Review: "Safety Not Guaranteed"

Some films are based on novels, others on plays or short stories or articles. Not many, however, can boast that their story stems (however loosely) from an actual classified ad. A delightful mix of truth and fiction (although mostly the latter), Colin Trevorrow's Safety Not Guaranteed has been picking up enthusiastic reviews on the festival circuit all year. With the film currently in the process of a staggered limited release, I hope that more and more people will get to see what the fuss was about. Though it isn't a slice of top-tier work, Trevorrow's feature narrative debut is filled with engaging performances that help make this one of the indie surprises of the summer.

Revolving around an actual classified ad that sought out a companion for time travel, the story centers on a trio of magazine writers (make that one writer and two interns) who go to investigate the man responsible for the ad. Taking the lead is Darius (Aubrey Plaza), one of the two interns working for Jeff (Jake Johnson), who befriends Kenneth (Mark Duplass) in order to get a better sense of what makes him tick. 
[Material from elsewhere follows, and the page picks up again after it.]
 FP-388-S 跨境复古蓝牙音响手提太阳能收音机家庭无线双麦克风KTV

Yet despite the potential for more overt sci-fi elements, the film keeps itself centered on the characters first and foremost. The execution is a little light and even a tad sitcom-ish in spots, but the performers bring a winning mix of humor and quirky pathos to their roles that helps balance the lack of true excellence in the narrative structure and direction. Plaza continues to use her trademark deadpanning to marvelous effect, yet she still manages to make her character feel like a distinct entity from her claim to fame, her role as April Ludgate on Parks and Recreation. The role plays to her strengths yet also pushes her just enough so that one isn't left with the impression that Plaza is simply coasting. Duplass is also strong, creating a convincing outsider without ever turning him into a condescending caricature. Despite the age difference, Duplass and Plaza have a nice (platonic) chemistry that helps keep the film engaging, even when it ventures off into a minor subplot or two.
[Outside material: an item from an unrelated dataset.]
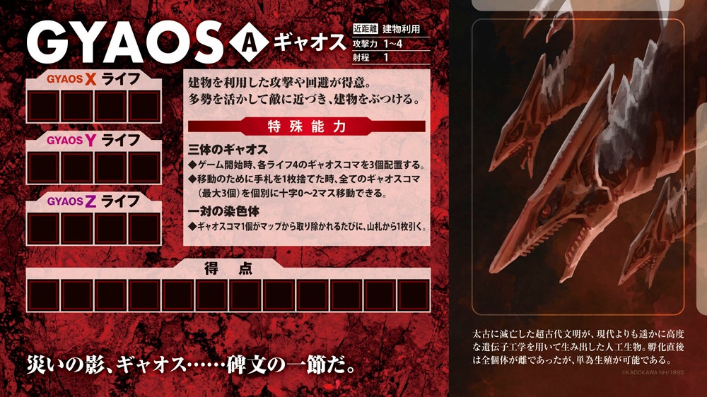 プレイヤーが選べる怪獣は「ガメラ」、「ギャオス」、「レギオン」、「イリス」の4種類。それぞれの怪獣ごとに映画で見られる特徴を活かして行動できるように、ゲームルールへ反映されています。
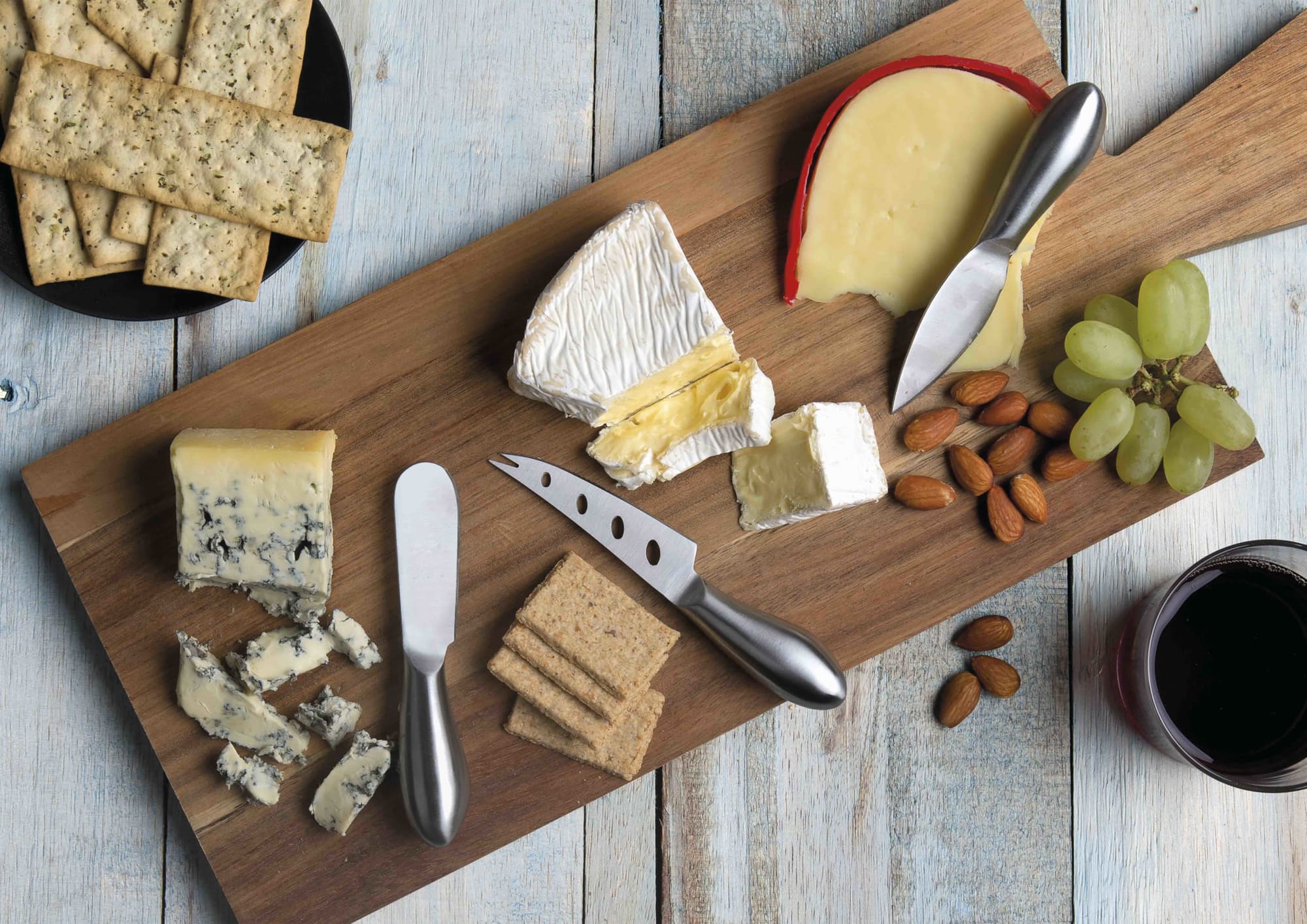 6-pcs Stainless steel cheese knife set|Includes: 15cm Open blade knife, 13cm flat cheese knife, cheese fork, plane knife, 13.5cm heart knife and spreader knife|Supplied: in a black po ‘di fame two part presentation box

In the supporting roles, Johnson (known for the sitcom New Girl) and Karan Soni acquit themselves nicely in their roles as a self-absorbed and lazy writer and a shy nerd respectively. Each gets a subplot of sorts, with the former's being more compelling, despite its distraction from the main narrative. At times the script separates the two characters from the Darius/Kenneth dynamic almost too much, though it never becomes more than a minor issue. Like the rest of Trevorrow's film, their stories are nicely told and produce entertaining, engaging results, even as they don't attempt for a deeper impact. Not that this is a bad thing, however. Safety Not Guaranteed knows exactly what it wants to be, never straining for more despite the sci-fi tinged narrative (save perhaps for the conclusion). Its themes are simplistic, yet they fit with the story and characters so comfortably that it hardly matters. It's just one more thing that makes Safety Not Guaranteed the small, yet fully satisfying comedy that it is.